Good Idea: Purchasing Private Health Insurance. A number of states and private organizations are trying to expand health insurance for children outside of the Medicaid program. For example:

  • Eight states have implemented programs funded solely by the state.
  • And 24 more are working with private organizations such as the Caring Programs for Children in order to provide children with private health insurance.

In most cases, the private programs provide children with private health insurance at subsidized prices – with the subsidy usually coming from state or local governments or private sources.

Case Study: Florida – Florida's "Healthy Kids" program provides subsidized private health coverage through the public schools for children from low-income families. It has been expanded from seven to 17 counties and covers 40,000 children. The average cost of each child covered is $51 per month, excluding administrative costs – only slightly less than the average monthly cost of a traditional health insurance policy [see the table] – but because premiums are subsidized on a sliding scale, most pay much less. Total funding for the program in 1997 is $35 million.

Case Study: Blue Cross Blue Shield – In about half the states, Blue Cross Blue Shield has established programs that provide low-income children with health insurance at discounted prices. Blue Cross solicits private donations to offset the costs of providing this coverage. Most parents pay a portion of the premium.
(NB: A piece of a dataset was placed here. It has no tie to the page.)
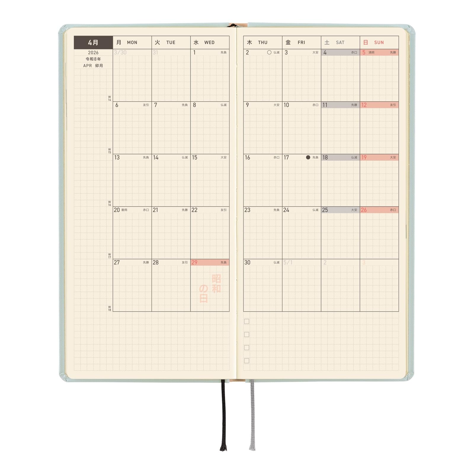 - 240 pages; Japanese. Made with Tomoe River paper and stitch-binding. 3.55mm graph paper; Monday-start week. Size: H188 × W94 × T11 mm / H: 7.4" × W: 3.7" × T: 0.4" (specifications may vary slightly) | Weight: approx.140g

While several of these programs turn to the public schools as a pooling mechanism for reaching low-income children and their families, expanding school-based clinics is less desirable. School-based clinics contradict the spirit and letter of the legislation, which is meant to provide children with comprehensive health insurance, not general medical and reproductive services of which their parents might not approve.

Best Idea: Empowering People to Choose Their Coverage. Instead of expanding Medicaid or forcing people into HMOs, why not let families use the money to enroll in the private health plan of their choice? These choices should include HMOs, Preferred Provider Organizations (PPOs), Provider Service Networks (PSNs), traditional fee-for-service policies and especially Medical Savings Accounts.

Subject to HHS approval, several funding approaches could be available:

(1) Direct transfer of funds. The recently passed "Medicare+Choice" program permits seniors to opt out of traditional Medicare and choose private health coverage instead. If a senior takes this option, Medicare transfers the senior's allotment of funds directly to the insurer. This same process could apply to coverage for uninsured children. Low-income families could choose the plan best suited to their children's needs and the state would transfer the annual premium to the insurer.

(2) Refundable tax credit. Low-income families could be offered a dollar-for-dollar refundable tax credit for use toward the purchase of their children's health coverage. The credit would cover most or all of the cost of health insurance; parents would pay the difference, if any. The credit would be refundable, which means that families would receive the full benefit of the credit, regardless of how small their income tax obligation was.

(3) Vouchers. Parents could receive a voucher for the amount of the health insurance subsidy and apply that voucher toward the purchase of a child's health insurance policy.

Conclusion. The key to a successful expansion of health insurance for poor children is providing low-income families with choice. While many have suggested that up to half of the 10 million currently uninsured children could be covered with the available money, the Congressional Budget Office predicts that only 2.3 million previously uninsured children will obtain coverage. Including the state match money, that works out to about $3,000 per additional child covered – about five times what it would take to buy a child private coverage. Thus, by relying on private sector options, we could easily reach the goal of insuring five million children.

This Brief Analysis was prepared by Merrill Matthews Jr., NCPA vice president of domestic policy, and Kristin A. Becker, director of the Health and Human Services Task Force, American Legislative Exchange Council.